In conclusion, our findings establish that TDG retains catalytic activity on DNA/RNA hybrid substrates in vitro and reveal previously unrecognized biochemical properties of TDG in this context. These results suggest several potential regulatory roles for R-loops and RNA during active DNA demethylation, but defining their physiological relevance and functional impact in cells will require future investigation. This work therefore provides a biochemical framework for exploring how TDG activity may intersect with R-loop biology.
Experimental procedures
Reagents
All synthetic oligonucleotides were either purchased from Integrated DNA Technologies or prepared by solid-phase synthesis on an Expedite 8909 DNA/RNA synthesizer. Nucleoside phosphoramidites and DNA synthesis reagents were purchased from Glen Research. Sulfo-Cyanine3 (Cy3; cat. No: 21320) and cyanine5 (Cy5; cat. No: 23320) NHS ester dyes were purchased from Lumiprobe Life Science Solutions. Pipes, 1M, pH 8.0 (cat. no: J60618.AK), sodium deoxycholate detergent (cat. no: 89904), N-lauroylsarcosine sodium salt, 95% (cat. no: J60040.09), Dynabeads Protein A for IPs (cat. no: 10001D), NP-40 Surfact-Amps Detergent (cat. no: 85124), Halt Protease Inhibitor cocktail (cat. no: 78430), NuPAGE LDS sample buffer (cat. no: NP0007), Goat anti-Rabbit IgG (H + L) highly cross-adsorbed secondary antibody, Alexa Fluor Plus 647 (cat. no: A32733), Lipofectamine 3000 Transfection Reagent (cat. no: L3000008) were purchased from Thermo Fisher Scientific. Hpy188I (cat. no: R0617S) and proteinase K (cat. no: P8107S) were purchased from New England Biolabs. Mouse IgG2a Isotype Control (cat. no: M5409-.1MG) and BL21Rosetta (DE3) (cat. no: 70954-3) were purchased from Sigma-Aldrich. Anti-DNA-RNA hybrid [S9.6] Antibody (cat. no: ENH001) was purchased from Kerafast, Inc. TDG polyclonal antibody (cat. no: 13370-1-AP) was purchased from Proteintech. Dry Powder Milk (cat. no: M17200-500.0) was purchased from RPI-Research Products International.
Biological resources
HeLa S3 cells (cat. no: CCL-2.2) were purchased from American Type Culture Collection and cultured in Dulbecco's modified Eagle’s medium (DMEM; Thermo Fisher Scientific) supplemented with 25 mM Hepes, 1 mM GlutaMax, 10% FBS, and 100U/ml Penicilin-Streptomycin (Thermo Fisher Scientific). Cells were maintained at 37 °C in humidified CO_2_ (5%) atmosphere. The TDG mammalian expression vector (cat. no: HG13000-UT) was purchased from Sino Biological, Inc.

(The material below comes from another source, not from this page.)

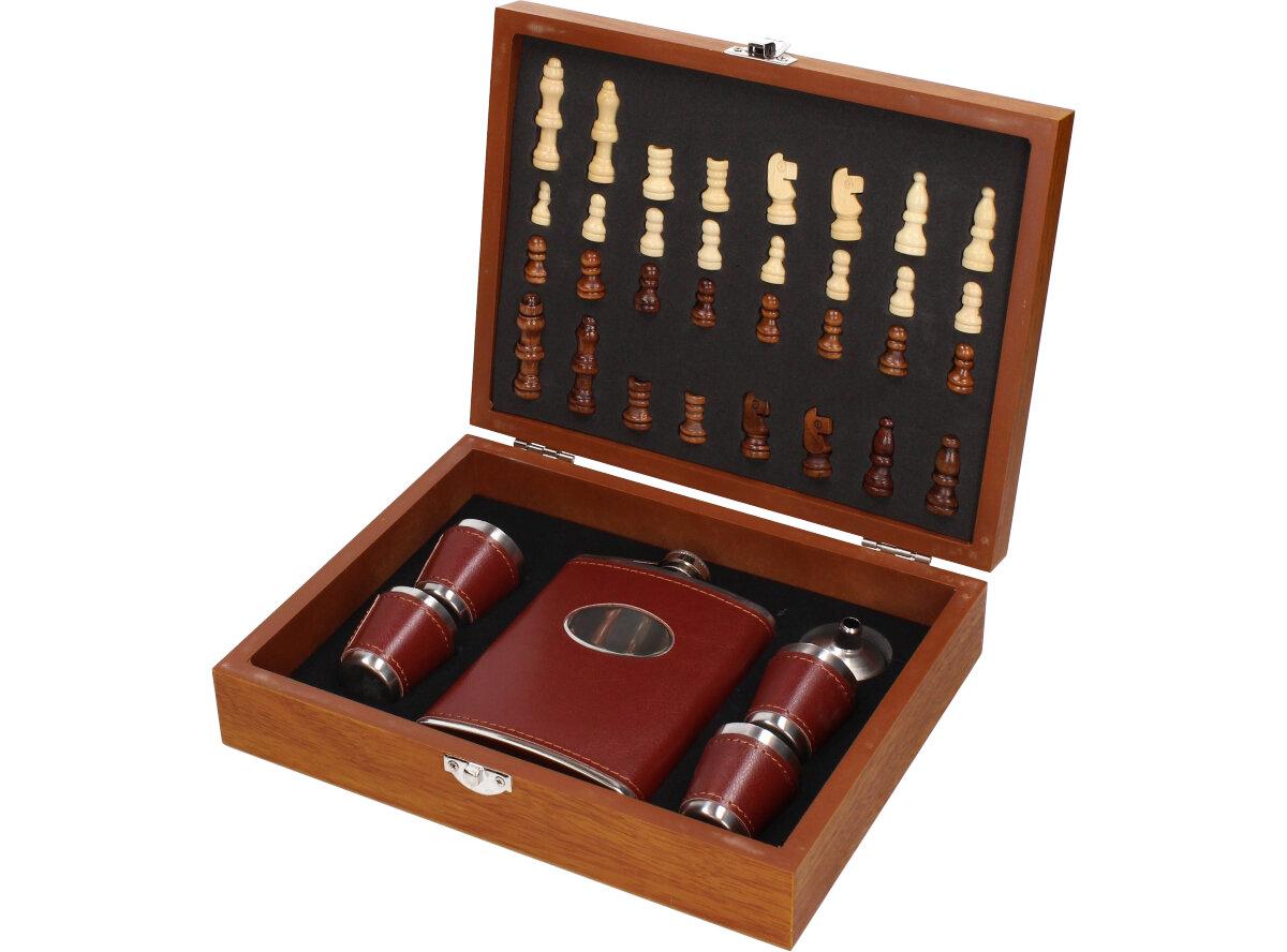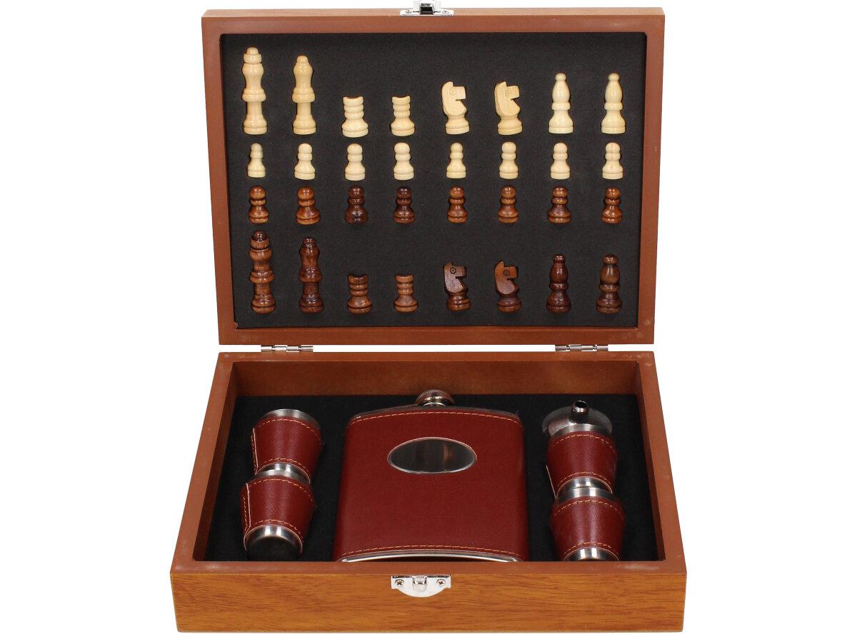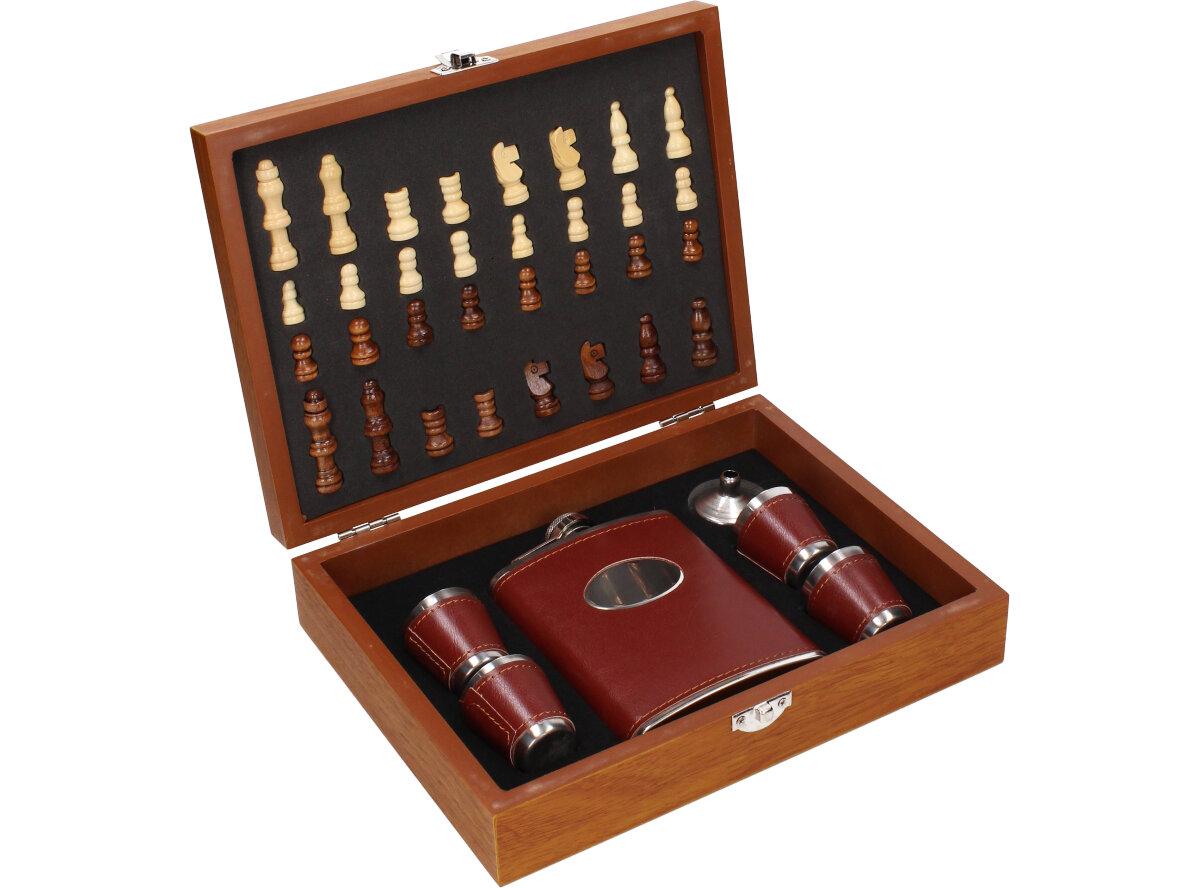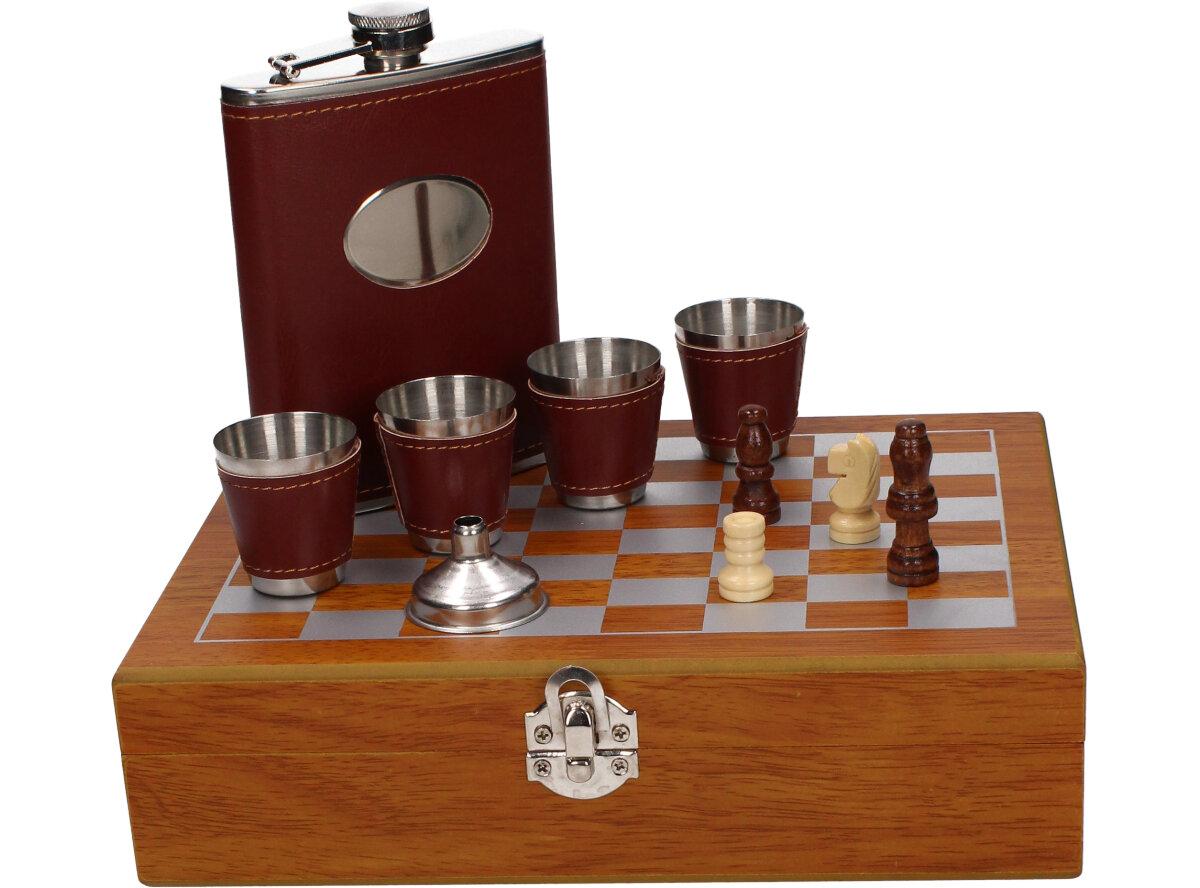 Dárková sada placatka šachovnice s panáky v kožence je nádherný a zajímavý dárek pro vaše blízké, rodinu i kamarády. Sada je vhodná i jako dárek pro milovníky a hráče šachových her. Sada obsahuje: placatku, 4 x panák, placatka, nálevka, šachy a hrací deska v provedení kufříku. Kufřík je dodáván v dřevěném provedení.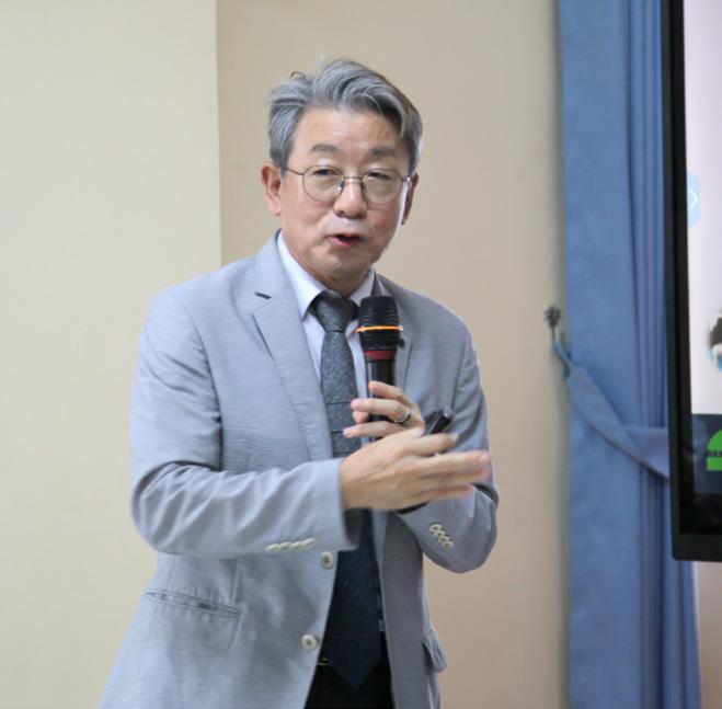 ▲지난 21일 열린 '한캄 농업 포럼'에서 상지대학교 이 명규 교수가 ‘한국의 가축분뇨 관리에서 탄소중립 실현 전 략’을 주제로 한국의 축산분뇨 자원화 사례를 소개했다.

Protein expression and purification
Full-length human TDG was expressed and purified as described previously with minor modifications (84). In brief, the TDG plasmid (pET28a-hTDG; 35 ng) was transformed into BL21 Rosetta (DE3) cells and the outgrowth was used to prepared 4 × 25 ml cultures of Luria-Bertani broth supplemented with 50 ug/ml kanamycin and chloramphenicol. Following overnight shaking at 37 °C, 10 ml of the overnight culture was added to 1 L of Luria-Bertani supplemented with 50 ug/ml Kanamycin and chloramphenicol. The cells were induced with 0.25 mM IPTG at 15 °C for 15 h when reached OD∼0.6. They were then pelleted by centrifugation at 4500 rpm for 20 min at 4 °C using Sorvall RC-5C plus centrifuge. The resulting pellets were stored at −80 °C overnight and then thawed at 4 °C. The cell pellets were then resuspended in lysis buffer (50 mM PO_4_^3-^ pH 8, 300 mM NaCl, 5 mM imidazole, 1 mM BME) supplemented with protease inhibitor. To start lysis, lysozyme (1 mg/ml) and DNase (0.025 U/ul) were added to the resuspended cell pellets and kept on ice for 30 min. The cells were sonicated for 6 min. The resulting lysates were centrifuged (10,000 RPM, 60 min) and filtered with a 0.2 um syringe tip filter (cat. no: SLGPR33RS, Millipore Sigma). The prepacked His GraviTrap TALON column (cat. no: 29000594, CYTIVA) was equilibrated with 25 ml of lysis buffer twice and then the filtered lysate was passed through. The TDG bound resin was then washed with 30 ml of wash 1 (700 mM NaCl in lysis buffer) and again with 30 ml of lysis buffer. TDG was eluted with 3 × 5 ml of elution buffer (500 mM imidazole in lysis buffer). The eluted TDG was exchanged into IEA buffer (20 mM Hepes pH 7.5, 75 mM NaCl, 1 mM DTT, 0.2 mM EDTA, 1% glycerol) using a 5 ml Sephadex G-25 resin HiTrap Desalting column (cat. no: 17140801, Cytiva). TDG was loaded onto a 1 ml HiTrap Q HP anion exchange chromatography column (cat. no: 17115301, Cytiva) that was equilibrated with IEA buffer. Bound TDG was then eluted using a linear gradient (0–100%) of IEB buffer (20 mM Hepes pH 7.5, 1 M NaCl, 1 mM DTT, 0.2 mM EDTA, 1% glycerol) in 500 uL fractions. Fractions containing TDG were pooled and concentrated using an Amicon Ultra centrifugal filter with a 3 kDa MWCO (cat. no: UFC900308, Millipore Sigma).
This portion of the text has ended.